Most of our readers have probably heard of examples of the stereotypical slip-and-fall lawsuit. The concept of such a lawsuit is simple: A person slips on something at a certain location, falls, suffers an injury and then attempts to hold the property owner legally responsible by pursuing a lawsuit.
The legal theory underpinning this kind of lawsuit is known as premises liability. It holds that property owners have a duty to their visitors to address safety hazards to minimize the possibility of a foreseeable accident. When they breach this duty, and a visitor is injured as a result, the property owner may be held liable for the injured person’s damages.
Premises liability basics
But, even though the basic concept of a premises liability claim may seem simple, there is more to it, even if you analyze the most basic fact pattern. For example, was the person legally on the property in question? An invited guest? A trespasser? The status of the injured party is always a factor in premises liability cases.

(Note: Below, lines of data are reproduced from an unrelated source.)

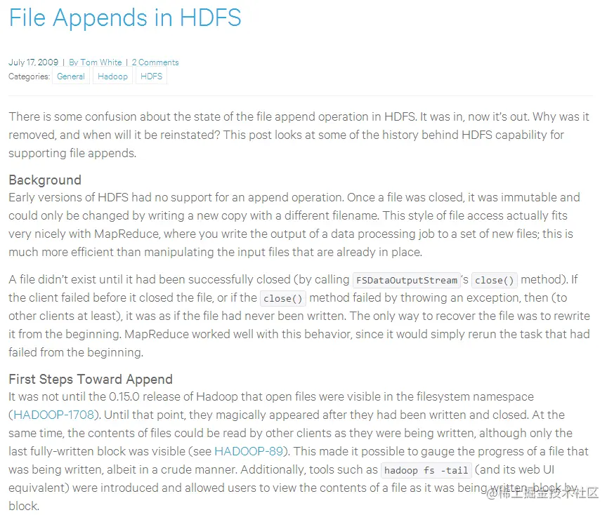 HDFS 不是不允许追加内容么?没错,请看背景故事: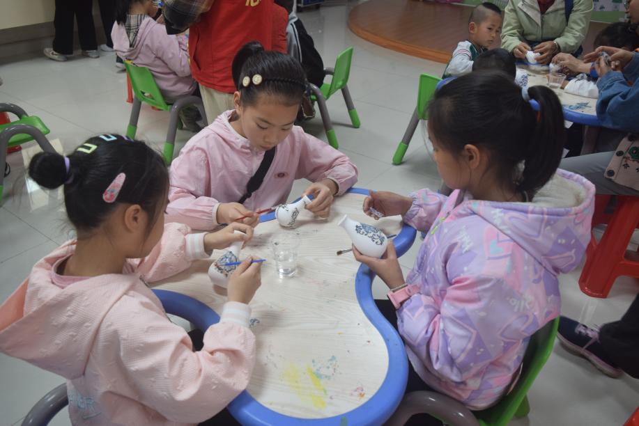 在活動的現場,孩子們聽完文文老師講解青花瓷器水拓印的傳奇故事,眼中閃爍著躍躍欲試的光芒。他們拿起顏料筆,蘸上顏料,像小小藝術家一樣,在瓷器上揮灑自如。每一劃,都是對非遺技藝的致敬;每一筆,都蘊含著對傳統文化的探索。通過這次實踐,孩子們不僅掌握了水拓印的秘訣,更深刻領悟到了傳統文化的深厚底蘊與無限魅力。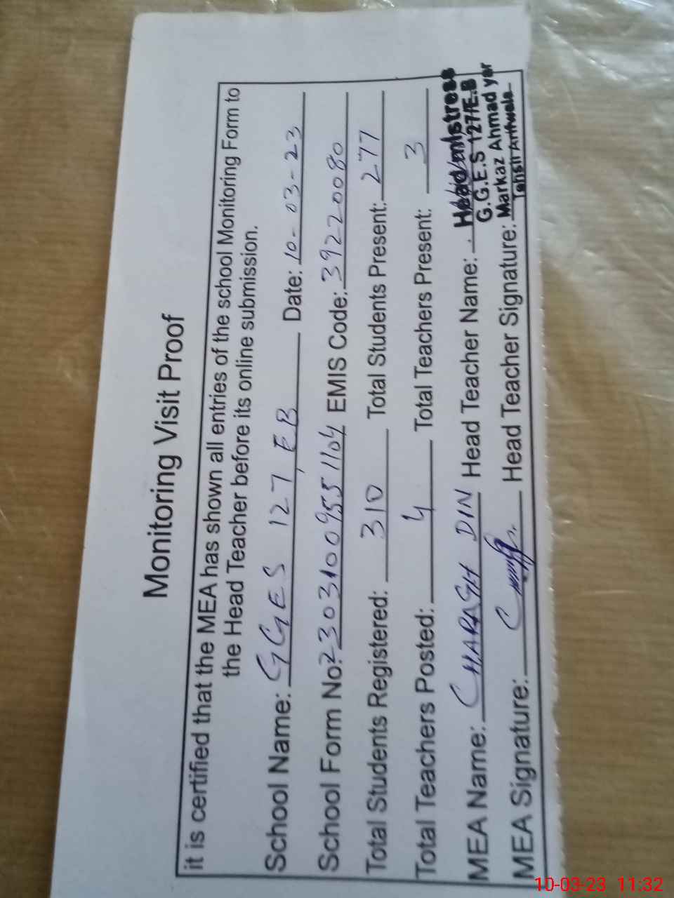 | Attendance Register | Head Teacher | MEA with School | Visit Proof |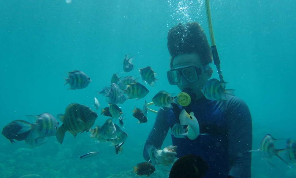 괌 패밀리 비치에서 무거운 산소통 없이 괌 바다를 자유롭게 거닐어 보세요!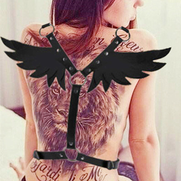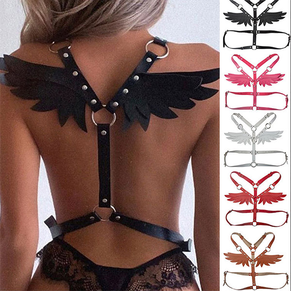 Sexy Artificial Leather Angel Wing Suspender Belt

Next, did the property owner actually know about the condition that led to the injury? Did the property owner choose not to correct the condition? What the property owner knew, when he knew it and what he did about it are other key factors in a premises liability claim. Lastly, can it be conclusively or convincingly proven that the fall actually caused the injury in question? Debates over pre-existing conditions, the severity of the injury and what the guest on the property did to attempt to prevent injury are also a big part of any given premises liability case.
If you suffered an injury on someone else’s property, you may be able to take action to attempt to hold the property owner legally responsible for your injuries and, as a result, pay you financial compensation. That compensation can be used to pay past and future medical bills, among other costs. Be sure to get the right information about your own unique fact pattern and the potential to pursue a claim.